CS 231N Lecture 3: Loss Functions and Optimization

Administrative Notes

Assignment 1: Released, due Thursday, April 20th at 11:59 p.m.
- Link available on the course website.
- Due date adjusted to allow a full two weeks for completion.
- Submit final zip file on Canvas.
Piazza: Check for administrative updates and example project ideas.
- Example project ideas posted; contact mentors directly.
Office Hours: Posted on the course website as a Google calendar.
Google Cloud Credits: Each student can receive an additional $100 credit for use in assignments and projects. Instructions will be sent out.

Data-Driven Approach: Challenges in image classification.
k-Nearest Neighbor Classifier: Introduction to data-driven mindset.
Linear Classification: Learning templates per class, utilizing parameter matrix W.
Image Classification Problem: Stretching out images into vectors, using the linear classifier.
Hyperparameters and Cross Validation: Strategies discussed.

Multi-Class SVM Loss:
- Formulation: Compare score of the correct category and incorrect categories.
- Example: Sum of margins of incorrect categories minus correct class plus margin of 1.
- Min/Max Loss: Min is 0, Max is infinity.
- Initial Loss: Usually, C-1 (number of classes minus one) if all scores are zero.
- Regularization: Incorporate L2, L1, or other regularization to avoid overfitting.
Softmax/Multinomial Logistic Regression Loss:
- Formulation: Probabilistic interpretation, scores transformed via softmax.
- Loss: Negative log probability of the true class.
- Min/Max Loss: Min is theoretically 0, Max is infinity.

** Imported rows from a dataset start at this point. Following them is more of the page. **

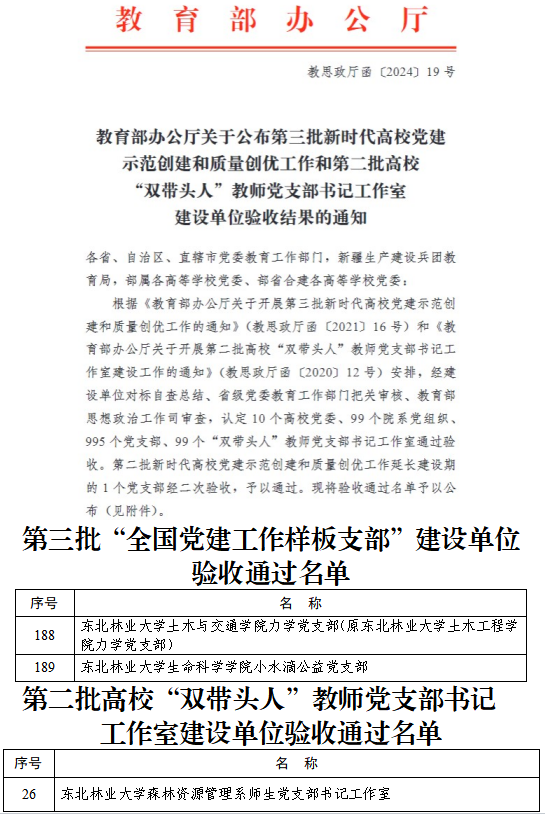 近日,教育部公布了第三批新时代高校党建示范创建和质量创优工作及第二批高校“双带头人”教师党支部书记工作室建设单位验收通过名单,我校土木与交通学院力学党支部、生命科学学院小水滴公益党支部、林学院森林资源管理系师生党支部书记工作室分别通过验收。
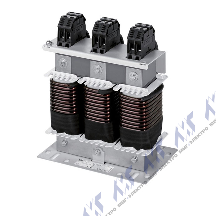 Трехфазный моторный дроссель MR3, защищает от скачков напряжения и перенапряжений du/dt, значительно увеличивает допустимую длину кабеля между двигателем и ПЧ, для частот коммутации от 3 до 8 кГц, номинальное напряжение 400 В, номинальный ток 24 A, номинальная частота от 0 до 50 Гц, IP00
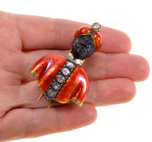 Victorian Italian Blackamoor Brooch Dress Clip 18K Gold 1.9 CTW Diamond Enamel C.1870
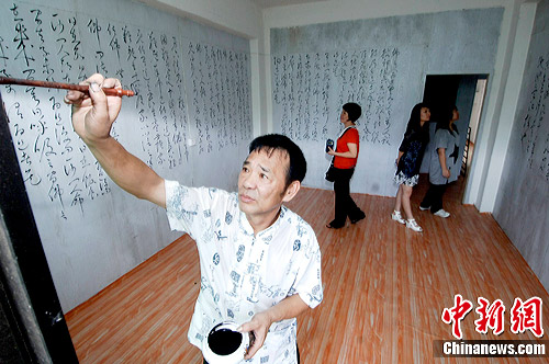 7月28日,福州闽侯民间书法家林孝荣在自家墙体上现场临摹唐朝草书大家怀素的《佛说四十二章经》,让人称叹。55岁的林孝荣从事建筑工程工作,并没有系统的学习过书法,完全凭着自己对草书字体的兴趣临摹唐朝草书大家张旭和怀素的狂草字而练得一手好书法。最让人称奇的是他都把字写在墙壁上,走进他家,五层楼一千多平方米的房子,到处墙壁都留下他的狂草字。林孝荣向记者表示,自己在墙上练字已经有五年左右时间,刚开始只是觉得好玩,后来便一发不可收拾,每天有空都要写上一两个小时,家里一千多平方米墙壁都写满后再用水泥漆全部重新刷过,然后再写,朋友称之“狂友”。
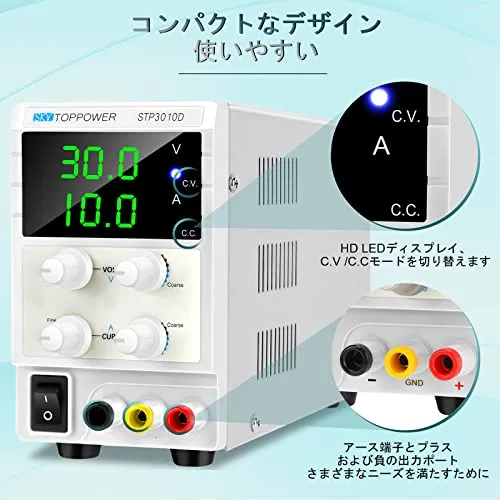 【調整可能なDC電源】:直流安定化電源は調整可能0-30V / 0-10A、精度0.1V、0.01A 3桁のLEDディスプレイにより、暗い場所でも電圧と電流の値をより正確に読み取ることができます。
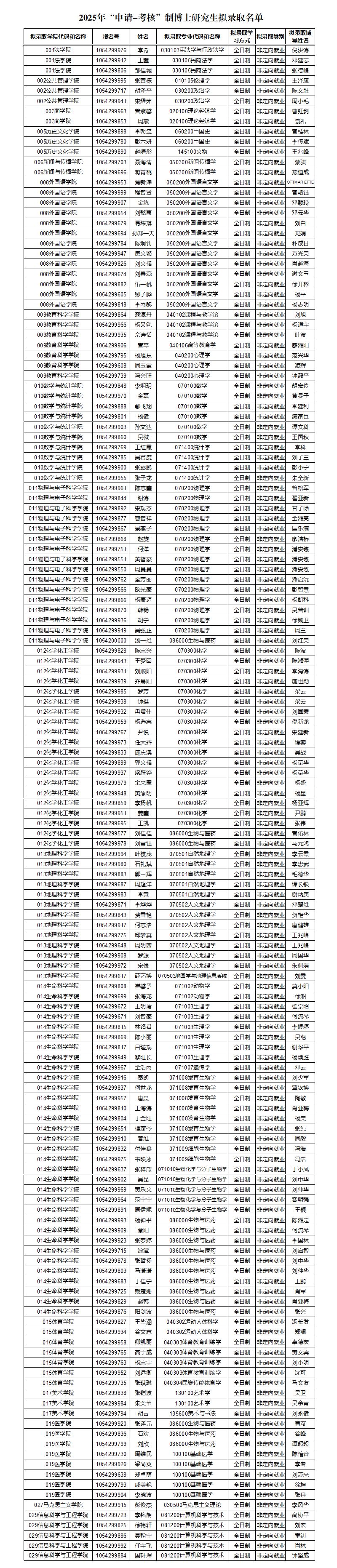 根据湖南师范大学《关于做好2025年“申请-考核”制博士研究生招生工作的通知》,现将我校2025年“申请-考核”制博士研究生拟录取名单进行网上公示,公示时间为10日。考生对拟录取公示名单如有疑问,请在公示期内向研究生院招生办公室反映(联系电话:0731-88872350)。

Gradient Descent: Basic algorithm for minimizing the loss function by iterative updates.
- Stochastic Gradient Descent: Using a minibatch of data for more efficient updates.
- Learning Rate: Crucial hyperparameter.
- Advanced Techniques: Variants like momentum and Adam optimizer enhance performance.

Numerical Gradients: Use for debugging and verifying analytic gradients.
Interactive Demos: Tools available to visualize and comprehend the optimization process better.

Pre-Deep Learning: Manual feature extraction stages were common.
- Color Histograms: Counting colors in an image.
- Histogram of Oriented Gradients (HOG): Capturing edge directions in an image.
- Bag of Words: Inspired by NLP, used for visual words in an image.

Dive deeper into neural networks, feature extraction learned from data, and backpropagation.